One can notice that similarly to other metaheuristics, DELEqC-II is sensible to its parameter values. However, in general, the best parameter setting indicated here as DELEqC-II-CR0.7-F0.9-trand-NP100 tends to reach a good performance. It is also interesting to verify that the performance of DELEqC-II is different when looking only to the test-problem 3. In this case, smaller values of the parameters seem to perform better, as the Rastrigin function is highly multi-modal.

5 Conclusions

Dealing with constraints in Evolutionary Algorithms (EAs) is considered a hard task, specially the equality constraints. Although there are some alternatives to deal with constraints in EAs, in this paper we address the issue of exactly satisfying linear equality constraints. We propose here an improved differential evolution method capable of automatically satisfying liner equality constraints. The new method, DELEqC-II, is an extension of a previously developed algorithm, DELEqC.

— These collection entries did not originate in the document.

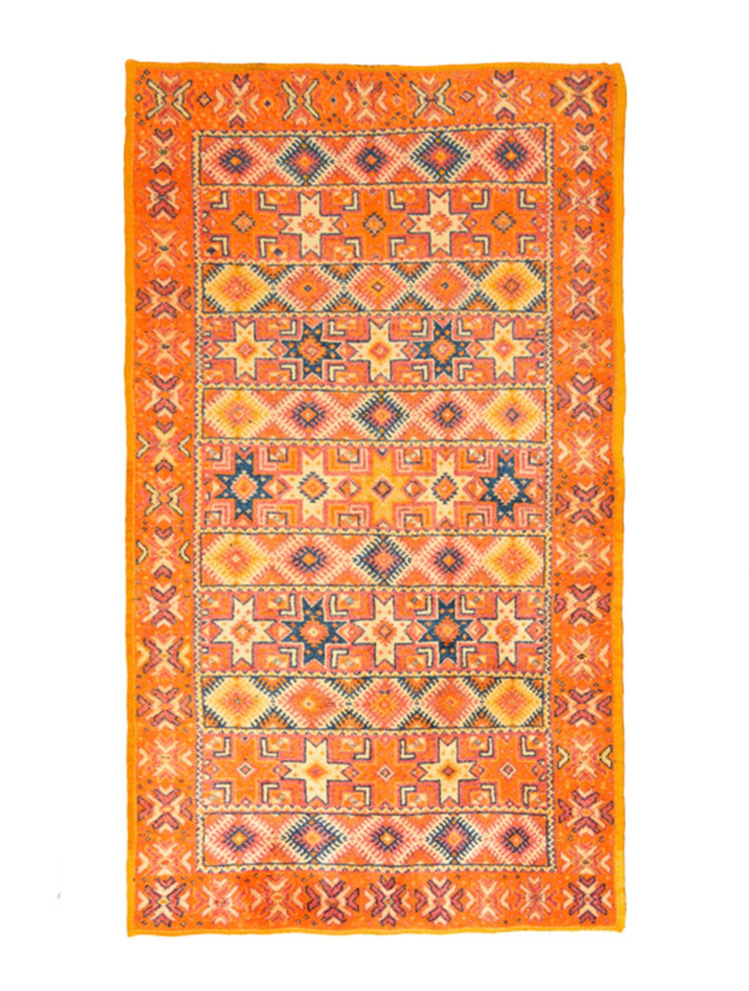Manufatto berbero annodato interamente in lana dalle omonime tribù dell’altopiano dell’Atlas, solitamente la lavorazione di questi tappeti è affidata alle donne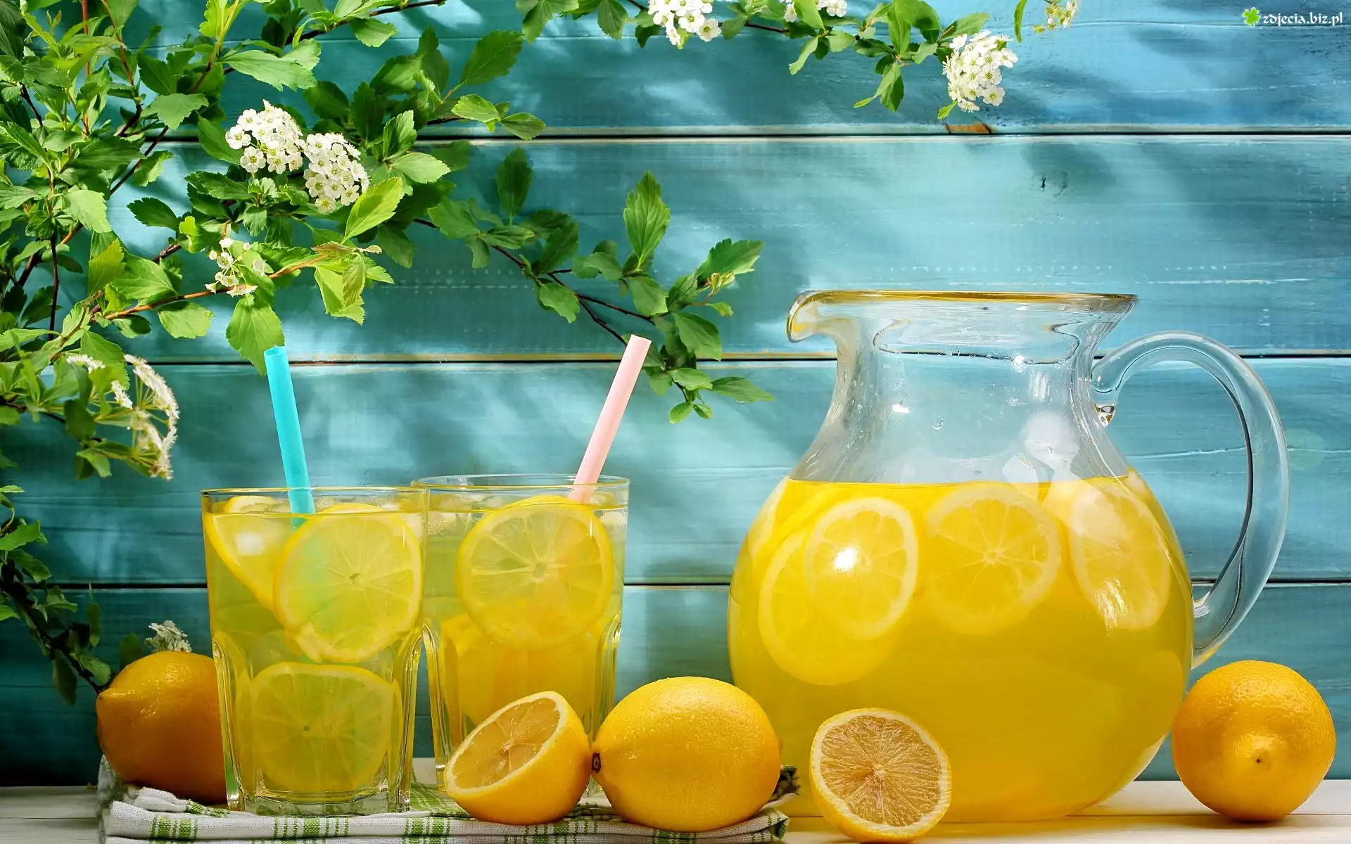 Zdjęcie Lemoniada, Cytryny, Napoje, Kwiaty, Lato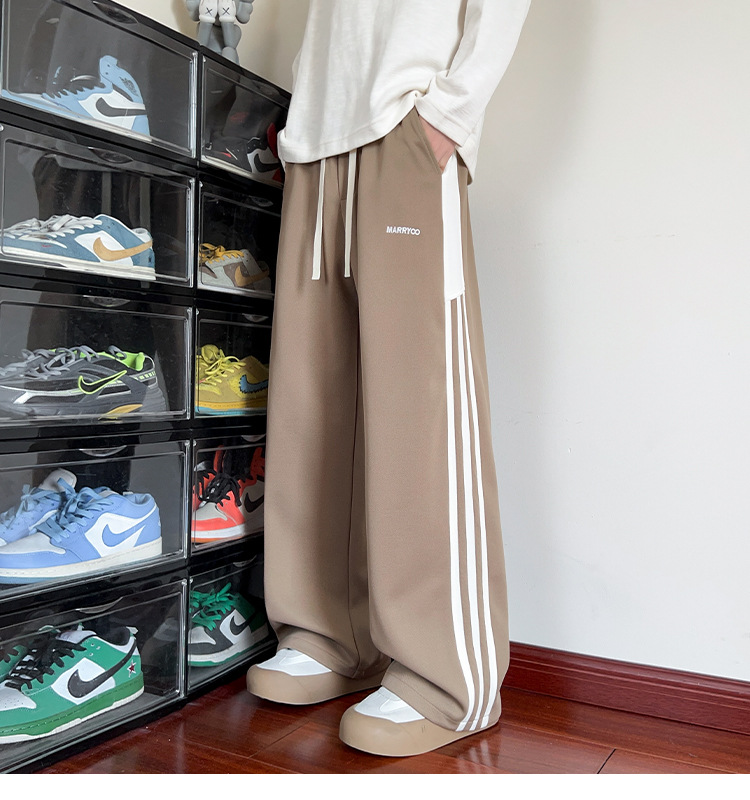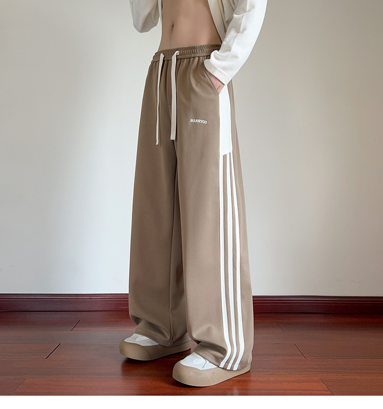 美式潮牌宽松运动侧边条纹三条杠休闲阔腿港风直筒垂感长裤KL3208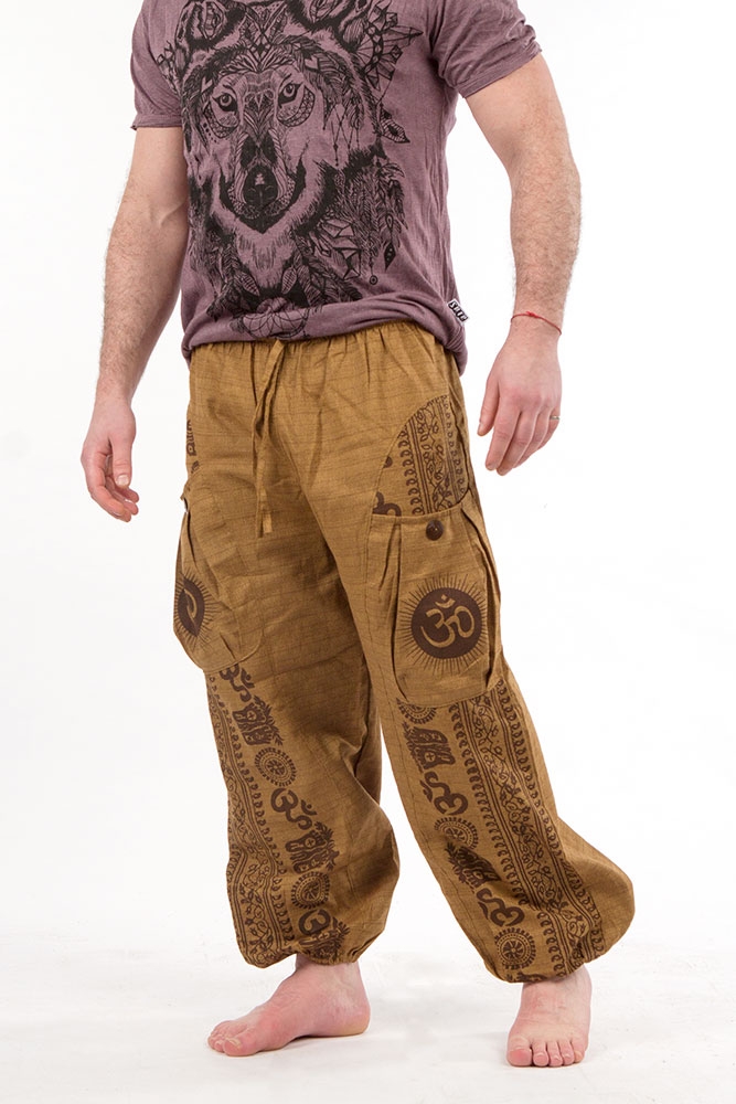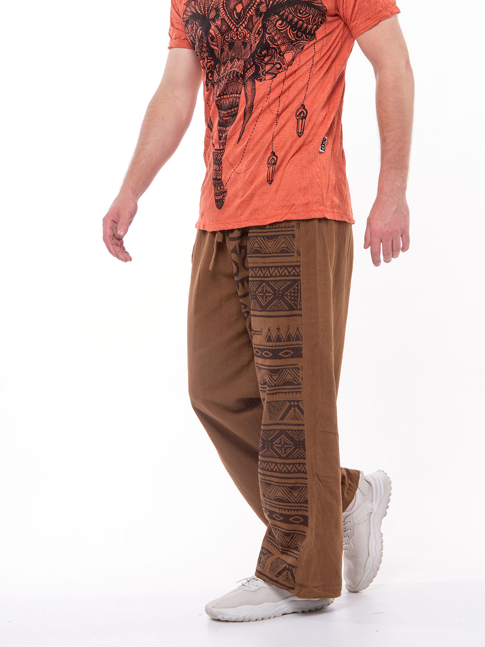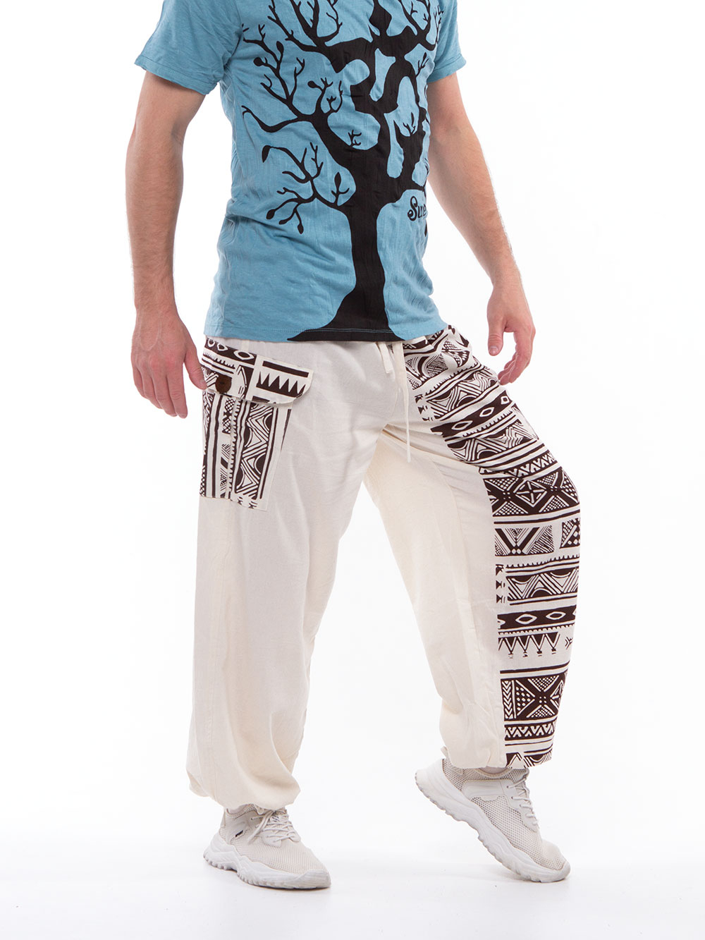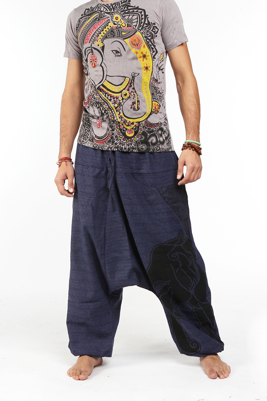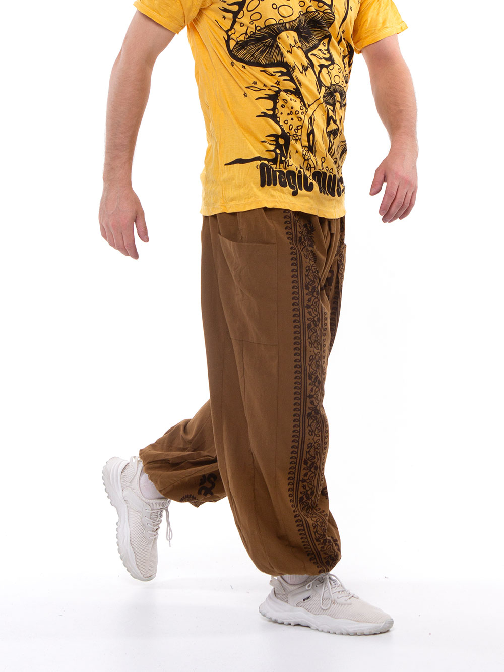 На поясе вставка из декоративного гобелена и эластичная резинка, благодаря которой штаны имеют свободный размер.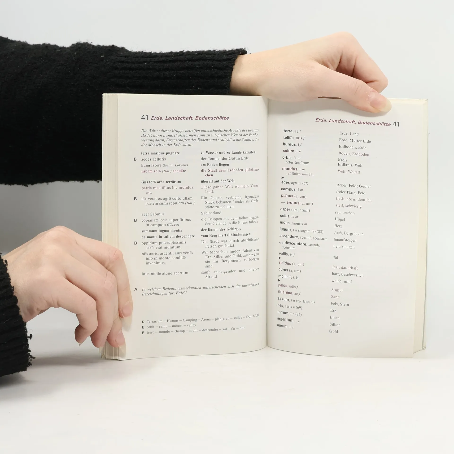 Geboten wird mit ca. 1350 Vokabeln der Grundwortschatz, weitere ca. 500 Vokabeln, im Druck abgehoben, stocken den Grundwortschatz für die Bedürfnisse der Lektürephase und des Abiturs auf. Diesem Bestand an Lernvokabeln ist Übungsmaterial - viele Wendungen; neusprachliche Verwandte; Grammatiktipps - beigegeben. Die Wörter sind in Sach- bzw. Themengruppen zusammengestellt (eingeschlossen die kleinen Wörter). Die Wörter sindnach semantischen Strukturen (wie z. B. Gegensatz oder Abstufung) angeordnet. Die Wörter werden in Minimalkontexten (Sätzen, Wendungen) präsentiert. Der Grundwortschatz bietet so vielfache Möglichkeiten, das leidige Vokabel-„Pauken“ durch entdeckendes, anschauliches, verstehendes Lernen zu unterstützen.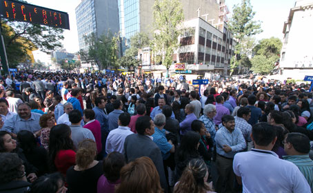 Más de 6 millones de personas participaron en el desalojo de miles de edificios en el Distrito Federal, como parte de un simulacro organizado por autoridades capitalinas en el contexto del aniversario del sismo del 19 de septiembre de 1985. Bajo el supuesto de un temblor de intensidad de 7.6 grados Richter, se activaron los protocolos de emergencia para detectar y atender posibles daños materiales y personales. En Querétaro y el estado de México se efectuaron ejercicios similares Foto Pablo Ramos García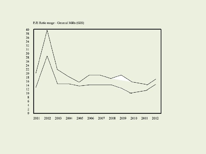 Solutions to the P/E problem The P/E cannot be reliably used as a singular value at the moment. However, volatility of the stock can be judged by a review of the range of annual P/E and its trend. A consistent level of P/E in a narrow range is a positive indicator. For example, General Mills has reported a narrow P/E over many years.
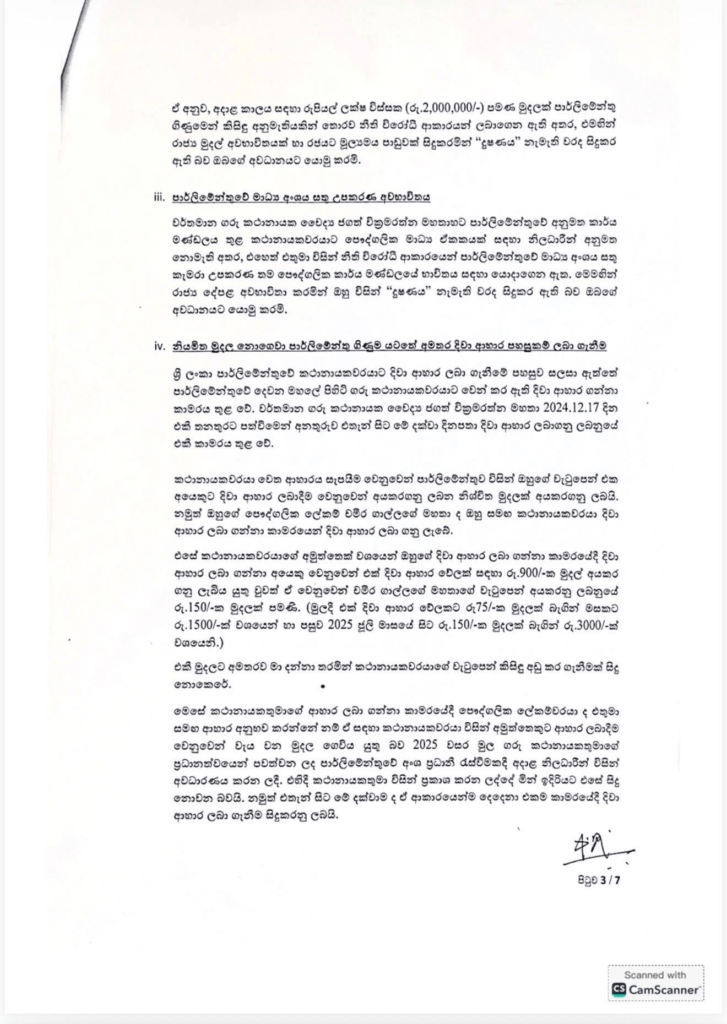 නියමිත මුදල නොගෙවා පාර්ලිමේන්තු ගිණුම යටතේ අමතර දිවා ආහාර පහසුකම් ලබාගැනීම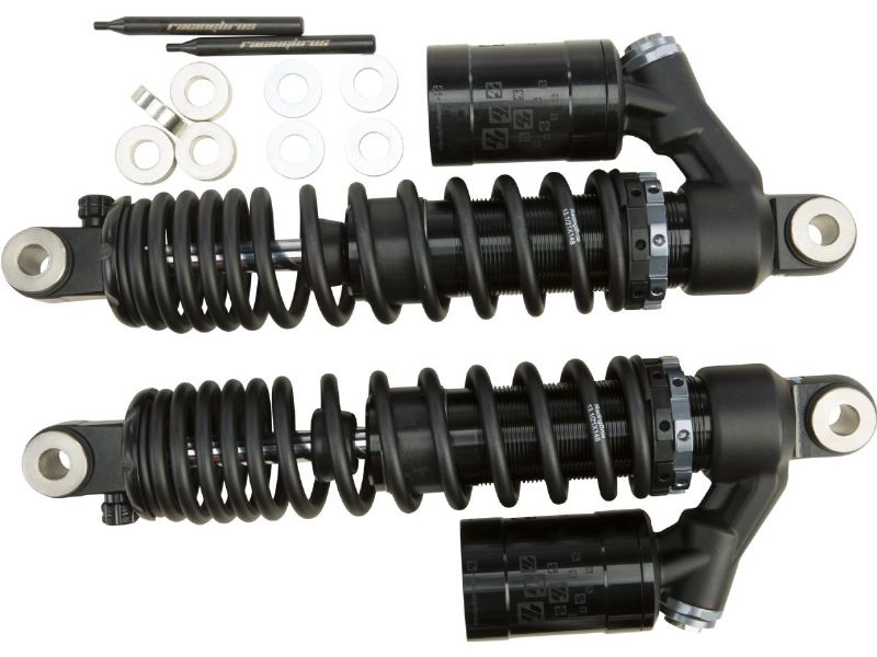 HardDrive remote reservoir rear shocks by RacingBros feature full adjustability with preload, compression and rebound adjusters to easily adapt to all riding styles and conditions. Whether you choose stock 12.5 length for your Dyna or Sportster, or you want the tall 14 curb hopper club style look, these performance shocks with race proven Speed Adaptive Valving will provide you with the ultimate ride.

The results show that DELEqC-II performed better in most of the test-problems and reached the best performance in general when compared to DELEqC. Particularly, DELEqC-II is more suitable than DELEqC for solving problems in higher dimensions. Also, a closer inspection in the parameter setting indicates that DELEqC-II is sensitive to its parameter values, a feature commonly observed in metaheuristics. On the other hand, we believe that a careful analysis will help those interested in using the approach proposed here to properly choose the parameter setting.

Fig. 13
figure 13

Linear equality constraints of the feasible set \(\mathcal{E}\)

Finally, DELEqC-II can be easily combined with methods to handle the constraints other than the linear equality ones. As a result, those combinations, as well as DELEqC-II’s application to hard real-world optimization problems, are interesting research avenues.